There are more than 50 voluntary DNR deer check stations throughout Michigan. You can find more information, including the locations and hours at www.michigan.gov/dnr.


----------



## Petronius (Oct 13, 2010)

Based on the Hunting Guide, I think she is a little too young:

Firearm Deer Hunting Rules for Youth Hunters

The following restrictions apply to youth hunters who participate in any firearm deer season:

Youths 10-11 years of age during the firearm seasons are limited to archery-only equipment using an antlerless or combination license as appropriate for the given season.
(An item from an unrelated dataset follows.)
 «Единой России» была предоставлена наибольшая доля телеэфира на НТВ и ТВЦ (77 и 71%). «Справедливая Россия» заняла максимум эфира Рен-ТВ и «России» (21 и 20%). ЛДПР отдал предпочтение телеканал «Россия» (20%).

Archery and junior archery licenses are only valid for the archery seasons.


Youths 12-13 years of age may hunt with a firearm only on private land and Commercial Forest Land (a public-land antlerless deer license is required to hunt antlerless deer on Commercial Forest Land).


All hunters under age 17 must be accompanied by a parent, guardian, or someone 18 or older designated by their parent or guardian.
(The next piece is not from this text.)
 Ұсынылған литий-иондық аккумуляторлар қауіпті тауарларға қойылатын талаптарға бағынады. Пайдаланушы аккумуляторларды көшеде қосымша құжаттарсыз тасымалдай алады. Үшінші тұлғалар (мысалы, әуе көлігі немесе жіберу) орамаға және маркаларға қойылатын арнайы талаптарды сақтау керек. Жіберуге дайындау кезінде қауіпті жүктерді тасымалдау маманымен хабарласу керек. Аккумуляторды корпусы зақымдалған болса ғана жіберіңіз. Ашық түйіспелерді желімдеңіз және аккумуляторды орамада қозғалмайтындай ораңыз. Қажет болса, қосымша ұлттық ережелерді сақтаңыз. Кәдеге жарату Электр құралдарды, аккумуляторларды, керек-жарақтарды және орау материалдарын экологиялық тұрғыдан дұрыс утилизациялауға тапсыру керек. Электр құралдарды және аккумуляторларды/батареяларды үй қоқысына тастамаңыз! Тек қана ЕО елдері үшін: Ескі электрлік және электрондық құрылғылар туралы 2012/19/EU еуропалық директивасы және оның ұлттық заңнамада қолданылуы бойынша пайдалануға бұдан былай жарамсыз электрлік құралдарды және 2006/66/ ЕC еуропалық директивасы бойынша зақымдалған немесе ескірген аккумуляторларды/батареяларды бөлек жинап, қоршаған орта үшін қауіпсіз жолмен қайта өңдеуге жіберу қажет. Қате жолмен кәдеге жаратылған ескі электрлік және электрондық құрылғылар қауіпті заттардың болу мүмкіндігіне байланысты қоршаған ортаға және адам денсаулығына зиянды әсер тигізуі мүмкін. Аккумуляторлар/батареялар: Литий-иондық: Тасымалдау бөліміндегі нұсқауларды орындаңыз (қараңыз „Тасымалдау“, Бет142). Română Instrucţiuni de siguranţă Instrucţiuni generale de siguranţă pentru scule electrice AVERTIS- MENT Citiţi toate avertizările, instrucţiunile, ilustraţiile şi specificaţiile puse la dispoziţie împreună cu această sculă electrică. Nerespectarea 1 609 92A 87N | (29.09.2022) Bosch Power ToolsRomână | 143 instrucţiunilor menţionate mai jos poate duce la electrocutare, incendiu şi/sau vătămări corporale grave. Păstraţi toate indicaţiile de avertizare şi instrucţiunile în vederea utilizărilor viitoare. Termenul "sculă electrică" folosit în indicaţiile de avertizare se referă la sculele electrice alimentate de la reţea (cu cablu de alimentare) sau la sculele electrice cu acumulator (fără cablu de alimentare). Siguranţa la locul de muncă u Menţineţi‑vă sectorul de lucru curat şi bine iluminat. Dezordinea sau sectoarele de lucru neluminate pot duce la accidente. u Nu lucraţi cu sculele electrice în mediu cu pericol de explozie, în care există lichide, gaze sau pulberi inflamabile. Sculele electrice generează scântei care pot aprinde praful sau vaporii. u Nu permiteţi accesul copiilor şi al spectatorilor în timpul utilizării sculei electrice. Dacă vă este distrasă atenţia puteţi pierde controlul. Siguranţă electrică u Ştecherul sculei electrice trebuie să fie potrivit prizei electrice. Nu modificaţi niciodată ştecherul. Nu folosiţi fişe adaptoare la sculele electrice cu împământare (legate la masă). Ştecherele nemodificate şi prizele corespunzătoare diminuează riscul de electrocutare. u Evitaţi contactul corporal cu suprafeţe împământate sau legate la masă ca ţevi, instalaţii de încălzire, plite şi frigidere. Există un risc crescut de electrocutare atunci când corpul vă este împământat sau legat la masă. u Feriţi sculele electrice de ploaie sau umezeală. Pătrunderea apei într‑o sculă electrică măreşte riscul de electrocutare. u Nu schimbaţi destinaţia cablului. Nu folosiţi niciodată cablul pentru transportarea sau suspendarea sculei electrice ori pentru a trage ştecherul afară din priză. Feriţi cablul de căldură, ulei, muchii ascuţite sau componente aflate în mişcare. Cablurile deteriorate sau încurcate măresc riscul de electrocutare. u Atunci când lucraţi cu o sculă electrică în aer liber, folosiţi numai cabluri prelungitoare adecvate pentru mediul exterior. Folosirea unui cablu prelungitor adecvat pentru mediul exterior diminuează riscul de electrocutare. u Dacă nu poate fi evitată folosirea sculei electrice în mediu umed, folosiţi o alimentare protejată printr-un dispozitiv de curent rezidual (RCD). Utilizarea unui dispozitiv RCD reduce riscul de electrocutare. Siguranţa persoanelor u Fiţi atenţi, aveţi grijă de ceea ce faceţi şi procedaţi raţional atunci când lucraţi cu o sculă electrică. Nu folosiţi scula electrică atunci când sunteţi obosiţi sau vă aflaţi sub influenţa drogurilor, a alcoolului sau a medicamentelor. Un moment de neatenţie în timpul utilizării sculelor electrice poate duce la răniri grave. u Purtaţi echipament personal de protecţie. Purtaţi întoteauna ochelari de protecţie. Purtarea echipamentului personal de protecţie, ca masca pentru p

All hunters participating in a firearm season must wear hunter orange.


A parent or legal guardian must accompany a youth under age 17. For all youth-only firearm deer seasons, an adult accompanying a youth firearm deer hunter cannot possess or carry a firearm, crossbow, or bow and arrow, except if the adult is a veteran with 100 percent disability, and the adult accompanying the youth does not need a deer hunting license, unless the youth is an apprentice hunter (see Apprentice Hunting License).


----------



## bigcountrysg (Oct 9, 2006)

I believe a check into this story is in order by the people that are paid to enforce the laws and regulations of hunting.
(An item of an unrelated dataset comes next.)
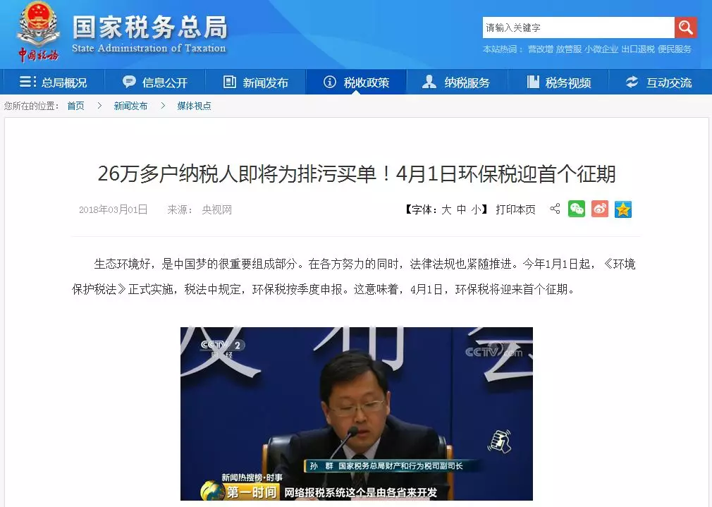 2018年1月1日,環境保護稅法已正式實施。按照稅法規定,環保稅按季度申報,這意味著,4月1日,環保稅將迎來首個征期。截至目前,各地稅務機關已識別認定環保稅納稅人26萬余戶。

Reading the story it sounds like the dad is holding the gun. She sights it in and pulls the trigger. So I think it is a technicality. Who is the actual hunter. The father is holding the gun but she pulls the trigger.


----------



## 2PawsRiver (Aug 4, 2002)

She kinda sights down it and pulls the trigger......nice

I think they need to get back to basics, like rithmatic.:lol:

She's cute as a button, but I still don't support children hunting.


----------



## Sailor (Jan 2, 2002)

Jeeze Guys..lighten up ! Didn't your dad ever let you sit on his lap and "drive" the car ???


----------